▸ Task item:
Down to the final line, print the records below exactly and without pictures.

——————————

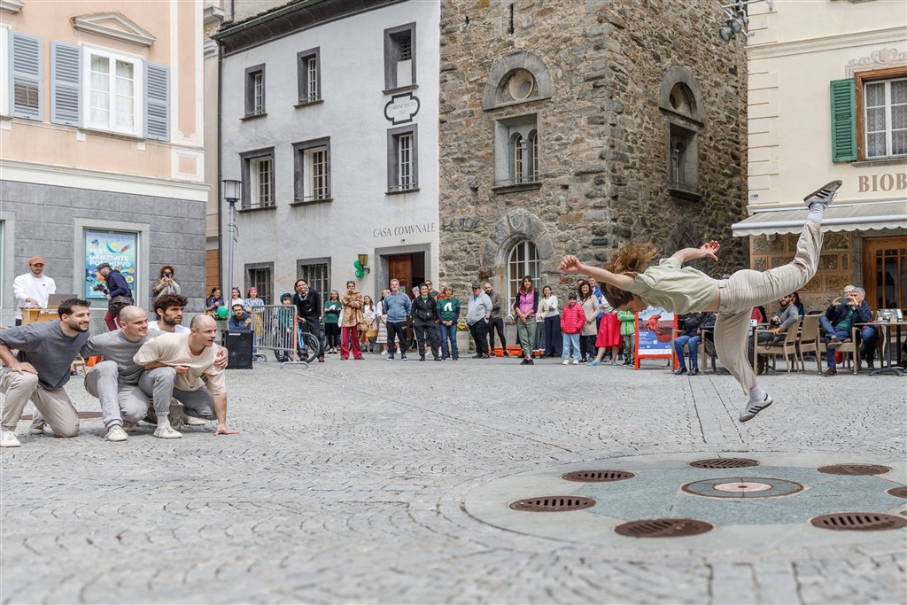 Va sottolineato che i partecipanti alla performance sono stati preparati sabato pomeriggio e domenica mattina e la maggior parte di loro non aveva un’esperienza di danza contact improvisation. Giuseppe Asaro è riuscito a dar loro le basi di contact improvisation, di presenza, di ascolto e la struttura che ha reso la performance un momento intimo e al contempo di collegamento tra performer e pubblico, rispondendo appieno al titolo “confini”. La performance era accompagnata da una delicata musica suonata dal vivo con Thomas Rohrer. Non da ultimo, anche il liscio ha entusiasmato la piazza, con la simpatica e bella presenza degli ospiti di Livigno del Gruppo appassionati di liscio, che si è esibito da solo con due balli, per poi coinvolgere la gente in piazza per gli ultimi due, invadendo la piazza di felicità e gioia. I corsi (liscio con Emanuela Zini – Livigno), contact improvisation con Giuseppe Asaro (Porto Ronco/Ascona) e irlandesi con Elisa d’Alessandro (Poschiavo) per gli adulti e un corso per i più piccoli (Federica Esposito di Sondrio che insegna alla Scuola Musicale di Poschiavo) sono stati molto apprezzati dai partecipanti e in tutti i corsi regnava un senso di piacere, allegria, soddisfazione (e sudore!).
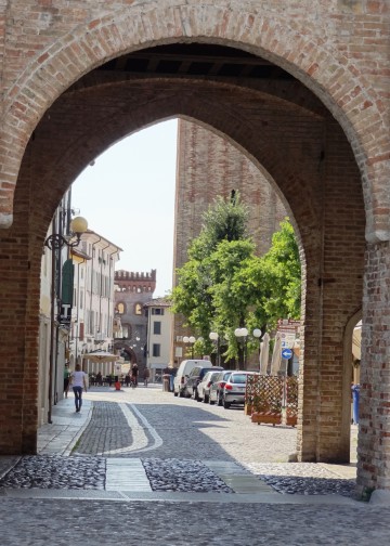 even 2 tot 3 uurtjes te vertoeven met oude stadspoorten, kerken, een enorm piazza (plein) en vooral, leuke, in eerste instantie onopvallende kleine ‘inkijkjes’. Natuurlijk is er een grote kerk, il duomo (kathedraal) uit 1479 en een loggia, een overdekte ‘marktplaats’ wat nu nog steeds fungeert als ontmoetingsplek voor jong en oud. Naast deze loggia bevindt zich het ‘VVV-kantoor met daarboven een klein theater uit de 17e en 18e eeuw wat onlangs gerenoveerd is in de stijl van de Venetiaanse theaters van weleer.
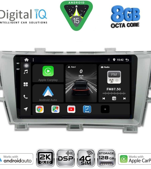 Το Apple CarPlay απαιτεί iPhone 5 ή νεότερο με την πιο πρόσφατη έκδοση του iOS.[/vc_column_text][/vc_column_inner][/vc_row_inner][/vc_column][vc_column width="1/2"][vc_row_inner][vc_column_inner width="1/4" padding_top="20px"][vc_single_image source="external_link" external_img_size="115x32" alignment="center" css_animation="zoomIn" custom_src="https://digitaliq.gr/wp-content/uploads/2024/10/Android_auto-Logo_certified_115.jpg"][/vc_column_inner][vc_column_inner width="3/4"][vc_custom_heading text="WIRELESS ANDROID AUTO" font_container="tag:h5|text_align:left" custom_heading_font_weight="600"][vc_custom_heading text="Licensed & Certified Android Auto" font_container="tag:h6|text_align:left" custom_heading_font_weight="500"][vc_column_text]Επεκτείνει την πλατφόρμα Android στο αυτοκίνητο με τρόπο που έχει σχεδιαστεί ειδικά για την οδήγηση και σας φέρνει αυτόματα χρήσιμες πληροφορίες και τις οργανώνει σε απλές κάρτες που εμφανίζονται ακριβώς όταν τις χρειάζονται. Έχει σχεδιαστεί για να ελαχιστοποιεί την απόσπαση της προσοχής, ώστε να μπορείτε να παραμένετε συγκεντρωμένοι στο δρόμο μπροστά σας.
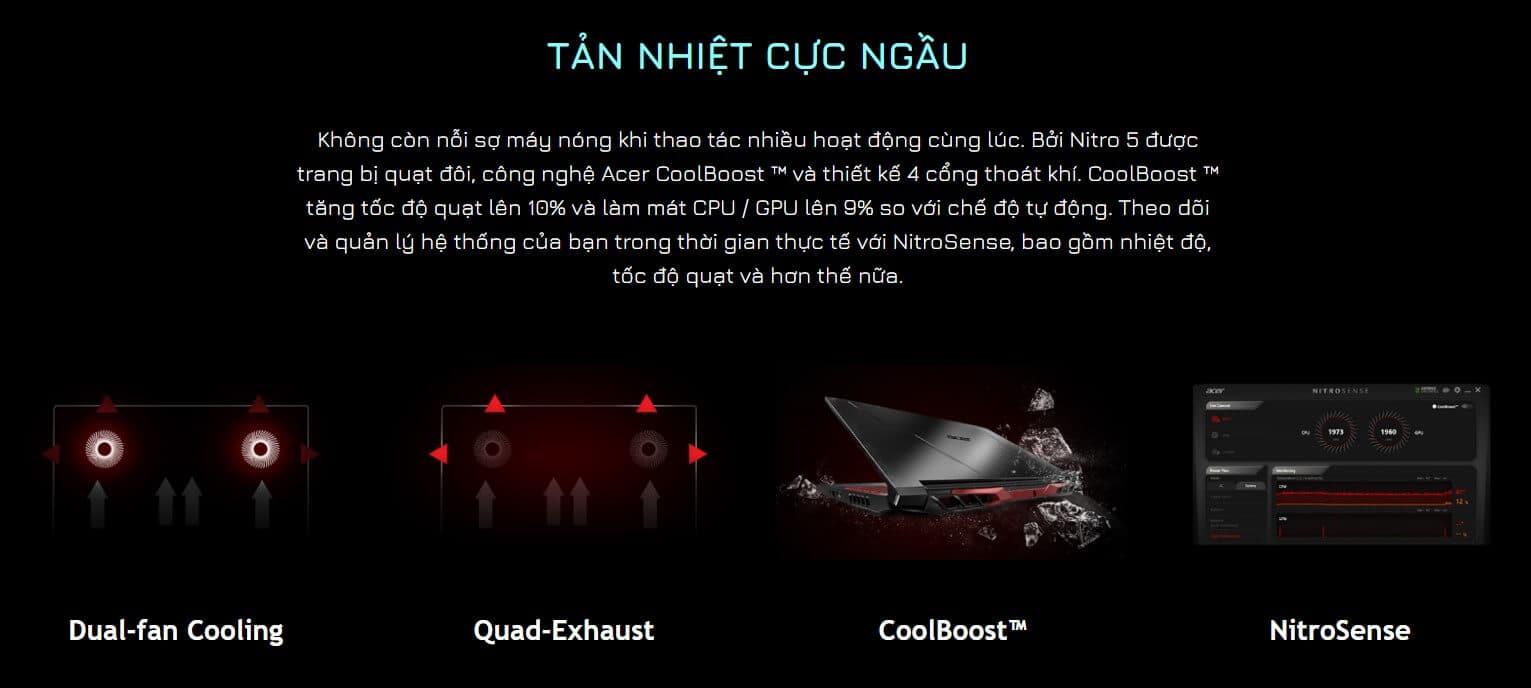 Hệ thống tản nhiệt Acer Nitro 5 R9JM trang bị công nghệ quạt kép 2 quạt kích thước lớn, cùng 3 ống đồng tản nhiệt, được sơn cách nhiệt cùng nhiều khe thoát gió hứa hẹn mang lại khả năng tản nhiệt cực kỳ tốt. Công nghệ CoolBoost giúp tăng quạt lên 10% với khả năng làm mát có thể tùy chỉnh nhanh chóng 3 chế độ quạt bằng Nitro Sense. Với trải nghiệm thực tế phòng máy lạnh 27 độ C, chơi game liên tục 2 tiếng thì nhiệt độ CPU cao nhất chỉ khoảng 80 độ, GPU cũng khá mát mẻ với nhiệt độ tầm 66 độ C. Nhiệt độ tỏa ra bên ngoài như bàn phím chỗ để tay đều khá mát mẻ, các hốc tản nhiệt có nhiệt độ tầm 40 độ C.
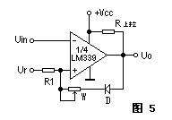 如果需要將一個跳變點固定在某一個參考電壓值上,可在正反饋電路中接入一個非線性元件,如晶體二極管,利用二極管的單向導電性,便可實現上述要求。圖5為其原理圖。
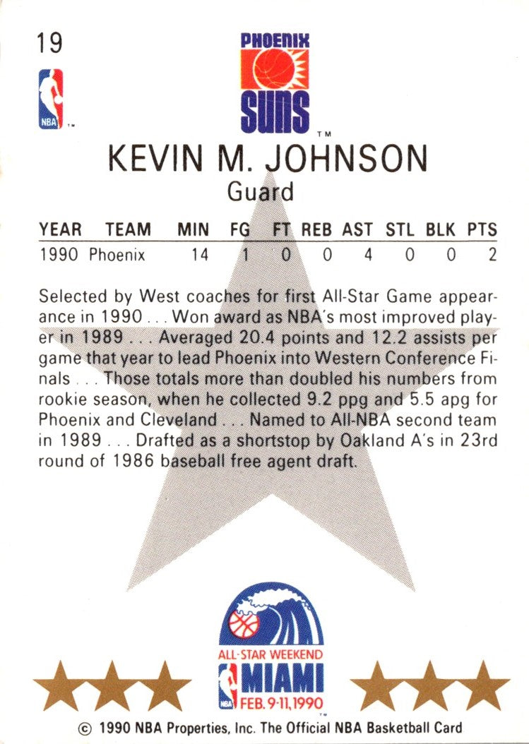 This 1990 Hoops Kevin Johnson #19 Phoenix Suns card is a must-have for basketball memorabilia collectors. Featuring a vibrant photo of Johnson mid-air, ready to dunk, this card is sure to add some serious style to any collection. With a sleek black, orange, and white color scheme, the card is the perfect way to commemorate one of the most iconic players in NBA history. Whether you're looking to add to your existing collection, or just starting a new one, this card is an absolute must-have.
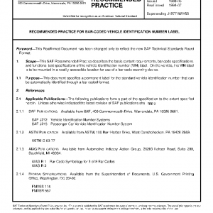 This SAE Recommended Practice describes the basic content requirements, bar code specifications, and functional test specifications of the vehicle identification number (VIN) label. On the vehicle, the VIN label is to be mounted in a readily accessible location for use of a bar-code scanning device.
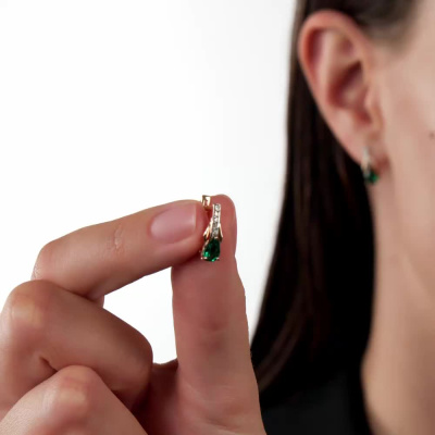 Серьги с 10 бриллиантами природными, 0.04 карат, огранка круг 17 граней, цвет 2, чистота 2, тип огранки А; 2 гидротермальными изумрудами, 0.77 карат; Розовое золото 585 пробы.
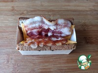 Такой сэндвич можно приготовить и подать обычным способом. Но я предлагаю вам приготовить его для удобства в тарелке-лодочке или такой коробочке, как у меня. Такие тарелки-лодочки можно заказать по интернету, они бывают из бумаги, дерева, пластика.
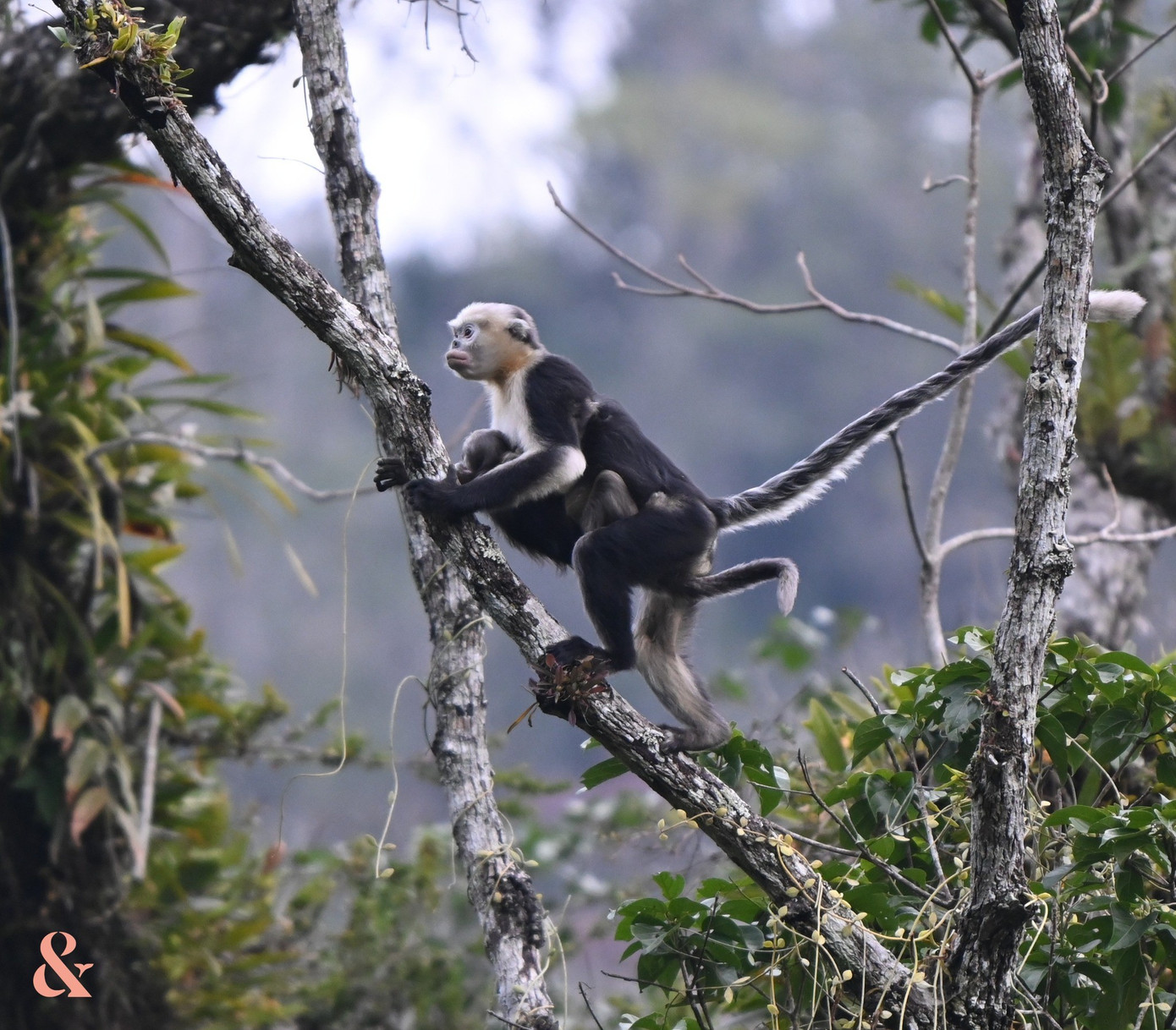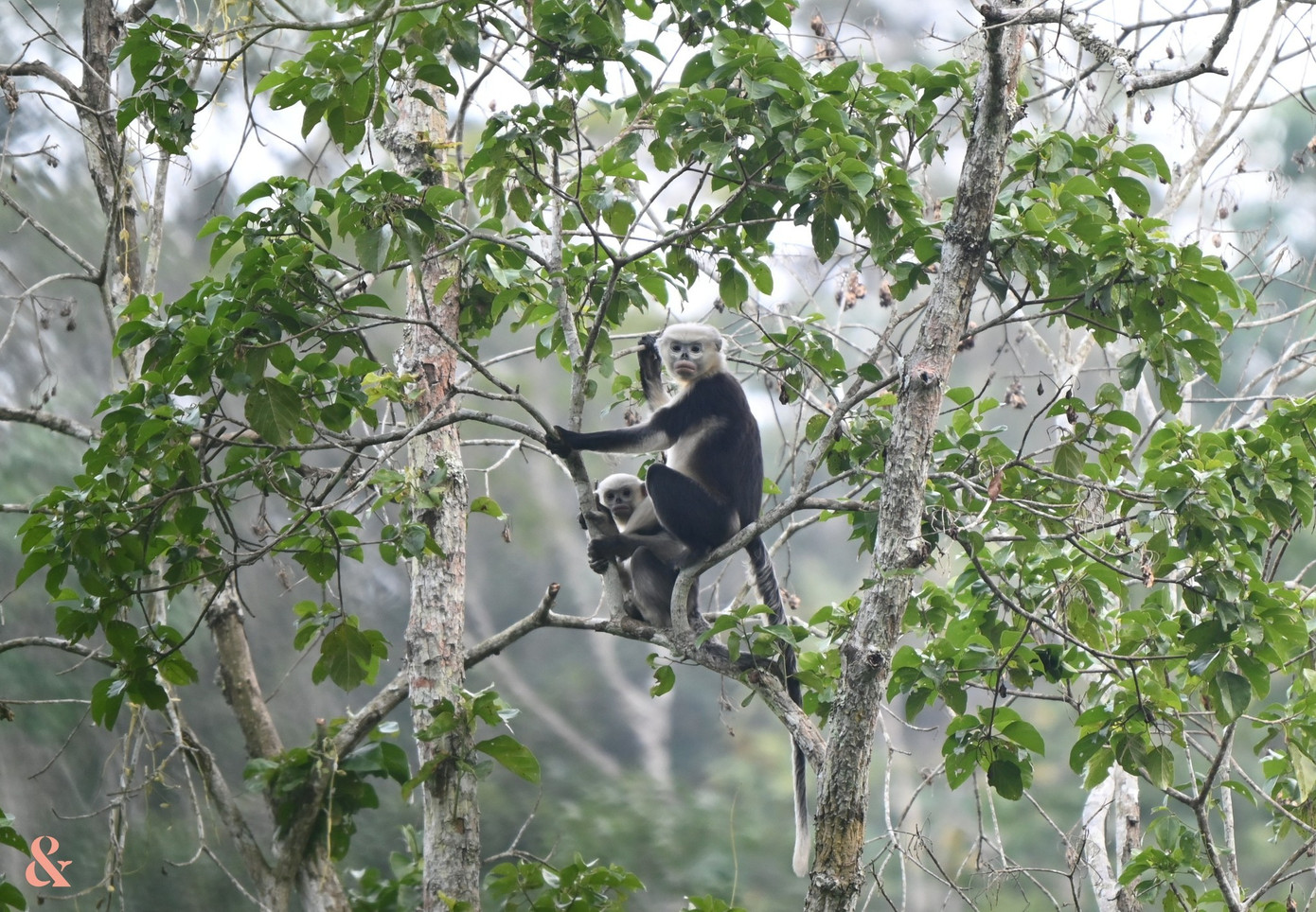 Bức ảnh ghi nhận hai cá thể mẹ con Voọc mũi hếch tại rừng Khau Ca trong đợt khảo sát tháng 12/2025.

——————————

▸ Exercise response:
 Va sottolineato che i partecipanti alla performance sono stati preparati sabato pomeriggio e domenica mattina e la maggior parte di loro non aveva un’esperienza di danza contact improvisation. Giuseppe Asaro è riuscito a dar loro le basi di contact improvisation, di presenza, di ascolto e la struttura che ha reso la performance un momento intimo e al contempo di collegamento tra performer e pubblico, rispondendo appieno al titolo “confini”. La performance era accompagnata da una delicata musica suonata dal vivo con Thomas Rohrer. Non da ultimo, anche il liscio ha entusiasmato la piazza, con la simpatica e bella presenza degli ospiti di Livigno del Gruppo appassionati di liscio, che si è esibito da solo con due balli, per poi coinvolgere la gente in piazza per gli ultimi due, invadendo la piazza di felicità e gioia. I corsi (liscio con Emanuela Zini – Livigno), contact improvisation con Giuseppe Asaro (Porto Ronco/Ascona) e irlandesi con Elisa d’Alessandro (Poschiavo) per gli adulti e un corso per i più piccoli (Federica Esposito di Sondrio che insegna alla Scuola Musicale di Poschiavo) sono stati molto apprezzati dai partecipanti e in tutti i corsi regnava un senso di piacere, allegria, soddisfazione (e sudore!).
 even 2 tot 3 uurtjes te vertoeven met oude stadspoorten, kerken, een enorm piazza (plein) en vooral, leuke, in eerste instantie onopvallende kleine ‘inkijkjes’. Natuurlijk is er een grote kerk, il duomo (kathedraal) uit 1479 en een loggia, een overdekte ‘marktplaats’ wat nu nog steeds fungeert als ontmoetingsplek voor jong en oud. Naast deze loggia bevindt zich het ‘VVV-kantoor met daarboven een klein theater uit de 17e en 18e eeuw wat onlangs gerenoveerd is in de stijl van de Venetiaanse theaters van weleer.
 Το Apple CarPlay απαιτεί iPhone 5 ή νεότερο με την πιο πρόσφατη έκδοση του iOS.[/vc_column_text][/vc_column_inner][/vc_row_inner][/vc_column][vc_column width="1/2"][vc_row_inner][vc_column_inner width="1/4" padding_top="20px"][vc_single_image source="external_link" external_img_size="115x32" alignment="center" css_animation="zoomIn" custom_src="https://digitaliq.gr/wp-content/uploads/2024/10/Android_auto-Logo_certified_115.jpg"][/vc_column_inner][vc_column_inner width="3/4"][vc_custom_heading text="WIRELESS ANDROID AUTO" font_container="tag:h5|text_align:left" custom_heading_font_weight="600"][vc_custom_heading text="Licensed & Certified Android Auto" font_container="tag:h6|text_align:left" custom_heading_font_weight="500"][vc_column_text]Επεκτείνει την πλατφόρμα Android στο αυτοκίνητο με τρόπο που έχει σχεδιαστεί ειδικά για την οδήγηση και σας φέρνει αυτόματα χρήσιμες πληροφορίες και τις οργανώνει σε απλές κάρτες που εμφανίζονται ακριβώς όταν τις χρειάζονται. Έχει σχεδιαστεί για να ελαχιστοποιεί την απόσπαση της προσοχής, ώστε να μπορείτε να παραμένετε συγκεντρωμένοι στο δρόμο μπροστά σας.
 Hệ thống tản nhiệt Acer Nitro 5 R9JM trang bị công nghệ quạt kép 2 quạt kích thước lớn, cùng 3 ống đồng tản nhiệt, được sơn cách nhiệt cùng nhiều khe thoát gió hứa hẹn mang lại khả năng tản nhiệt cực kỳ tốt. Công nghệ CoolBoost giúp tăng quạt lên 10% với khả năng làm mát có thể tùy chỉnh nhanh chóng 3 chế độ quạt bằng Nitro Sense. Với trải nghiệm thực tế phòng máy lạnh 27 độ C, chơi game liên tục 2 tiếng thì nhiệt độ CPU cao nhất chỉ khoảng 80 độ, GPU cũng khá mát mẻ với nhiệt độ tầm 66 độ C. Nhiệt độ tỏa ra bên ngoài như bàn phím chỗ để tay đều khá mát mẻ, các hốc tản nhiệt có nhiệt độ tầm 40 độ C.
 如果需要將一個跳變點固定在某一個參考電壓值上,可在正反饋電路中接入一個非線性元件,如晶體二極管,利用二極管的單向導電性,便可實現上述要求。圖5為其原理圖。
 This 1990 Hoops Kevin Johnson #19 Phoenix Suns card is a must-have for basketball memorabilia collectors. Featuring a vibrant photo of Johnson mid-air, ready to dunk, this card is sure to add some serious style to any collection. With a sleek black, orange, and white color scheme, the card is the perfect way to commemorate one of the most iconic players in NBA history. Whether you're looking to add to your existing collection, or just starting a new one, this card is an absolute must-have.
 This SAE Recommended Practice describes the basic content requirements, bar code specifications, and functional test specifications of the vehicle identification number (VIN) label. On the vehicle, the VIN label is to be mounted in a readily accessible location for use of a bar-code scanning device.
 Серьги с 10 бриллиантами природными, 0.04 карат, огранка круг 17 граней, цвет 2, чистота 2, тип огранки А; 2 гидротермальными изумрудами, 0.77 карат; Розовое золото 585 пробы.
 Такой сэндвич можно приготовить и подать обычным способом. Но я предлагаю вам приготовить его для удобства в тарелке-лодочке или такой коробочке, как у меня. Такие тарелки-лодочки можно заказать по интернету, они бывают из бумаги, дерева, пластика.
 Bức ảnh ghi nhận hai cá thể mẹ con Voọc mũi hếch tại rừng Khau Ca trong đợt khảo sát tháng 12/2025.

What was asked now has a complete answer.